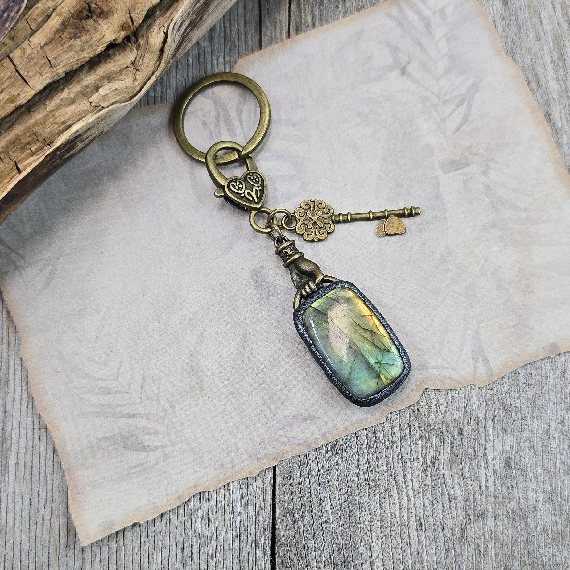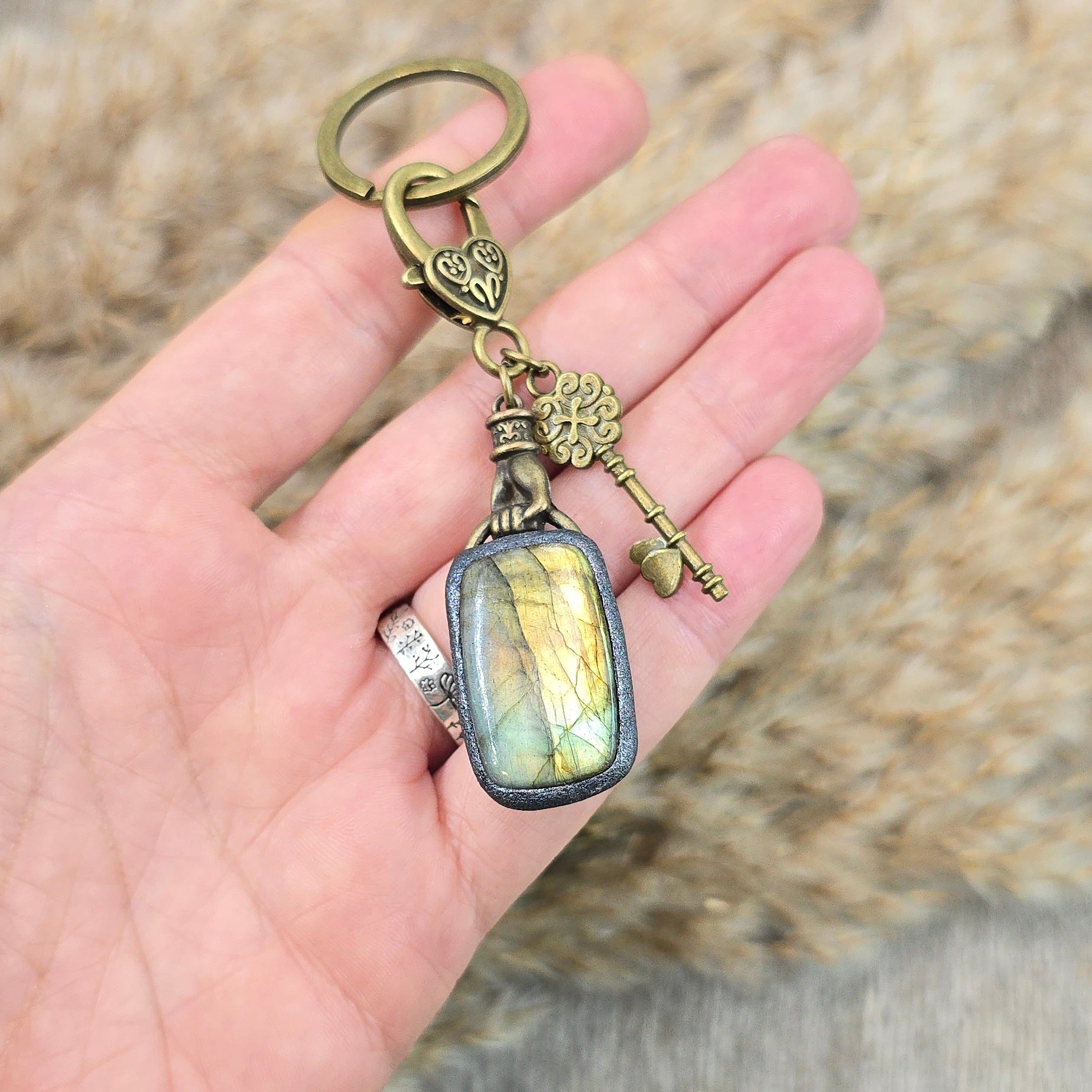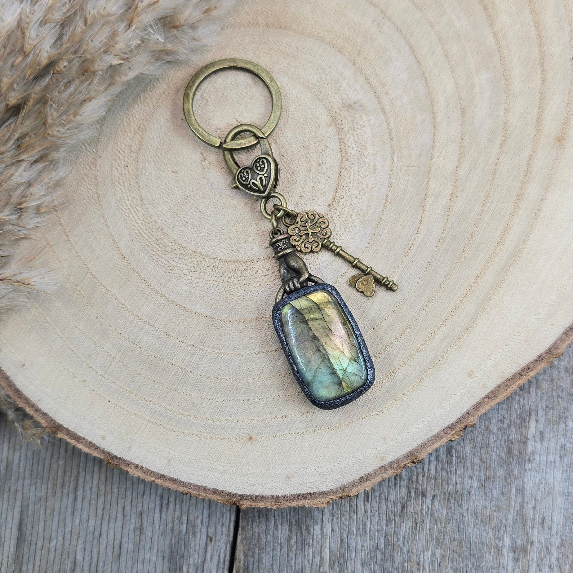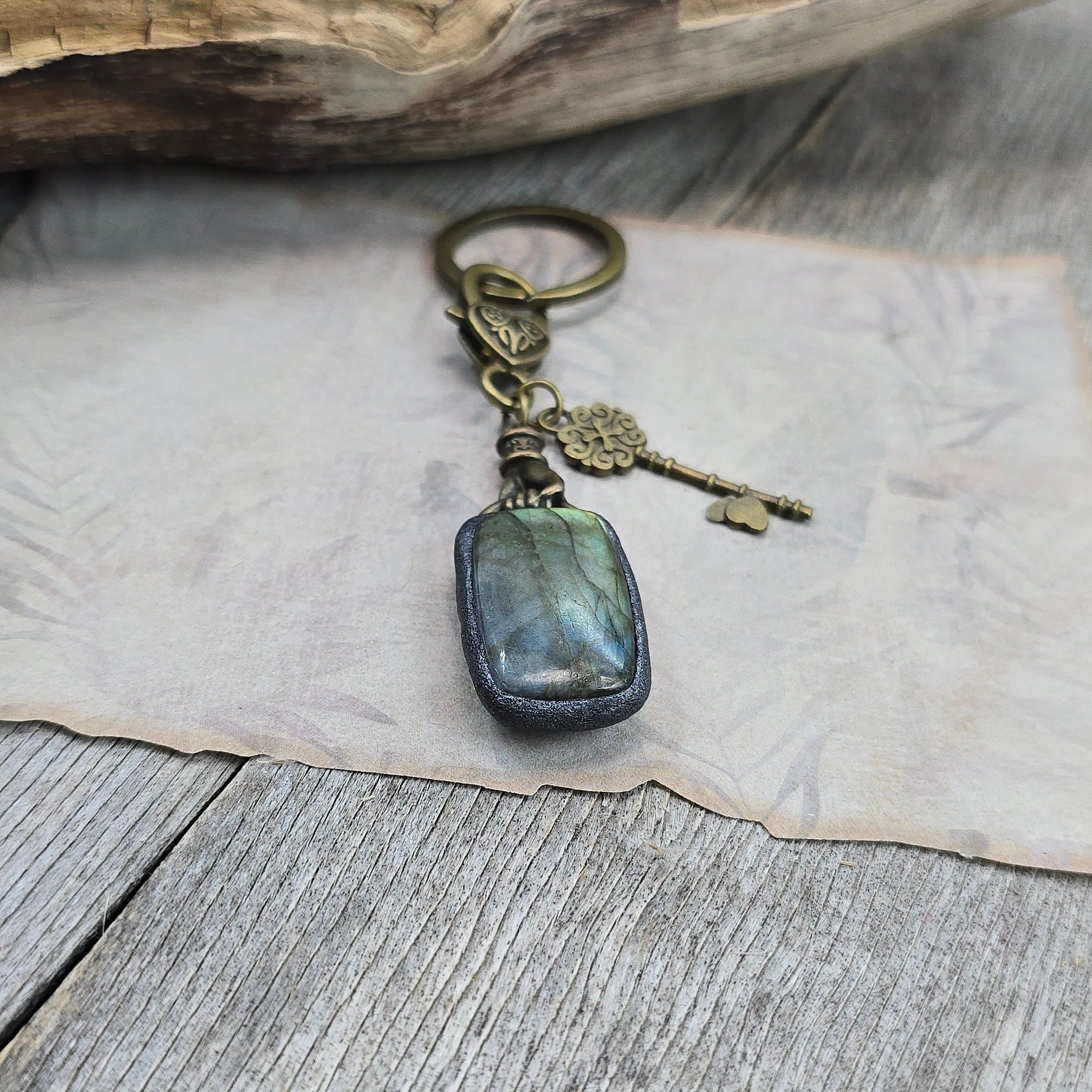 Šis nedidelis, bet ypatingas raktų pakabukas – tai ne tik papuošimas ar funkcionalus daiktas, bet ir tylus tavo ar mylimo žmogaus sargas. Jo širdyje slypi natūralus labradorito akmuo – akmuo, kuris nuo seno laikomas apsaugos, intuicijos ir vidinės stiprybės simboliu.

+---+

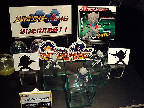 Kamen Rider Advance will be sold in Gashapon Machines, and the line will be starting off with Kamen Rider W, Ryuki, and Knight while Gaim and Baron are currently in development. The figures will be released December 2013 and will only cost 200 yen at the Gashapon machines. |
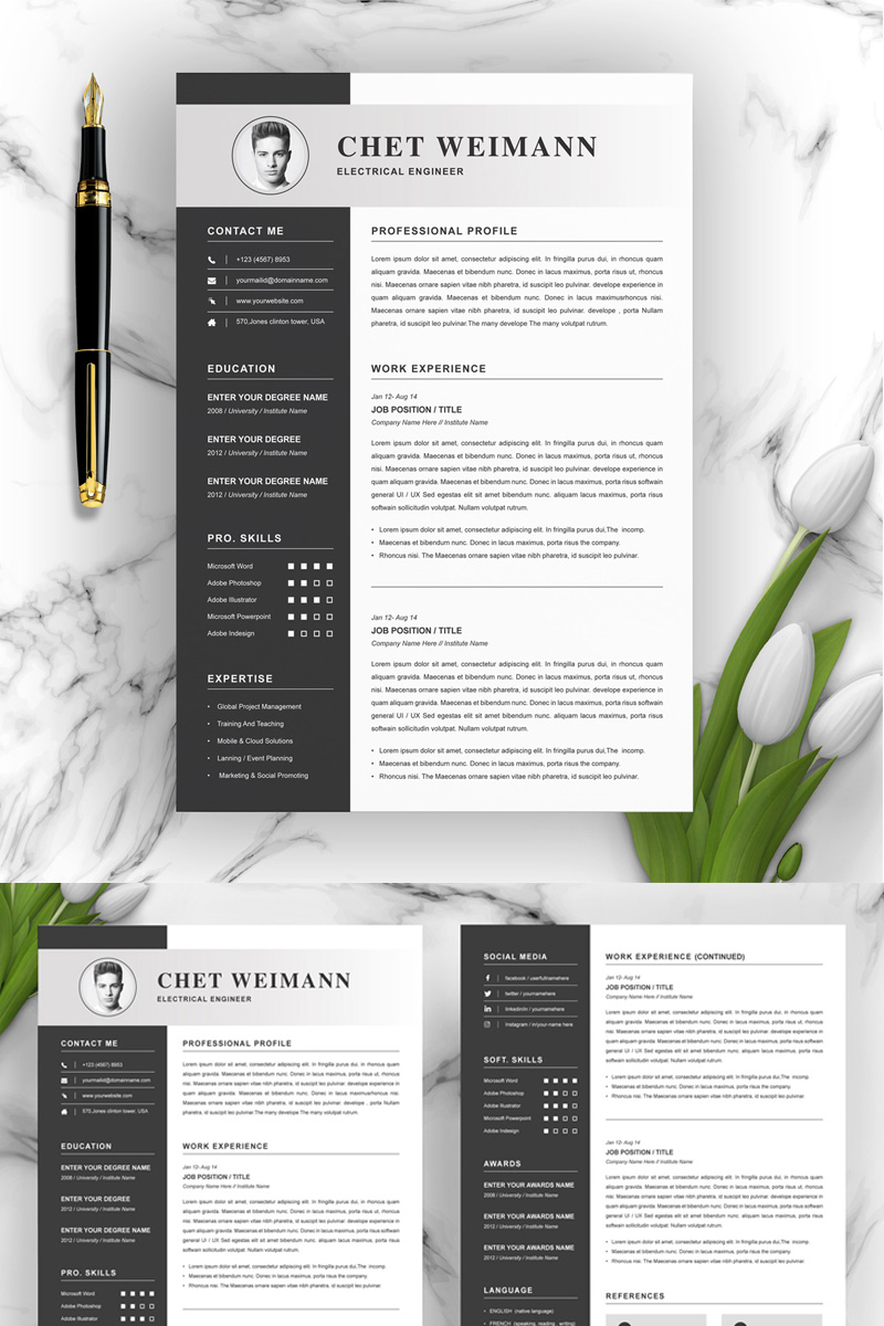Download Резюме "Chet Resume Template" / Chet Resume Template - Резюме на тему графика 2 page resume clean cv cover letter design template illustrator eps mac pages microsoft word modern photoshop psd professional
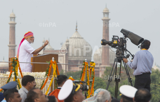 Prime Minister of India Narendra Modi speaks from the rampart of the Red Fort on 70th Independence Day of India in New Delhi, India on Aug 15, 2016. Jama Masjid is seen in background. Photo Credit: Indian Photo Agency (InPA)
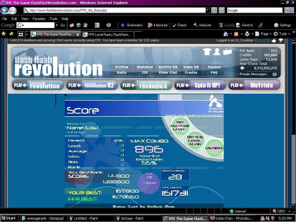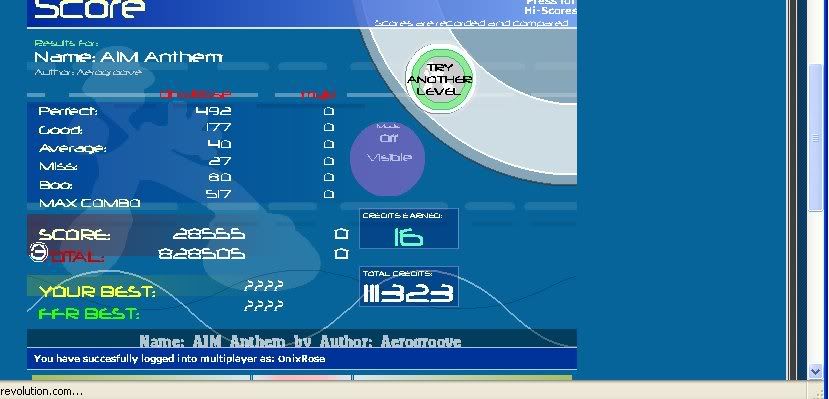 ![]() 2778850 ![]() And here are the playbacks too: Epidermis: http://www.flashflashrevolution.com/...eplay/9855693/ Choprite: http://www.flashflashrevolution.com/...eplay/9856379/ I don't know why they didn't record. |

+---+

#### [EXERCISE DETAILS]
Write out exactly the lines above between the one with "Kamen Rider Advance" and the one with "didn't record. |", inclusive, with pictures left out.

#### [ANSWER BELOW]
 Kamen Rider Advance will be sold in Gashapon Machines, and the line will be starting off with Kamen Rider W, Ryuki, and Knight while Gaim and Baron are currently in development. The figures will be released December 2013 and will only cost 200 yen at the Gashapon machines. |
Download Резюме "Chet Resume Template" / Chet Resume Template - Резюме на тему графика 2 page resume clean cv cover letter design template illustrator eps mac pages microsoft word modern photoshop psd professional
 Prime Minister of India Narendra Modi speaks from the rampart of the Red Fort on 70th Independence Day of India in New Delhi, India on Aug 15, 2016. Jama Masjid is seen in background. Photo Credit: Indian Photo Agency (InPA)
 ![]() 2778850 ![]() And here are the playbacks too: Epidermis: http://www.flashflashrevolution.com/...eplay/9855693/ Choprite: http://www.flashflashrevolution.com/...eplay/9856379/ I don't know why they didn't record. |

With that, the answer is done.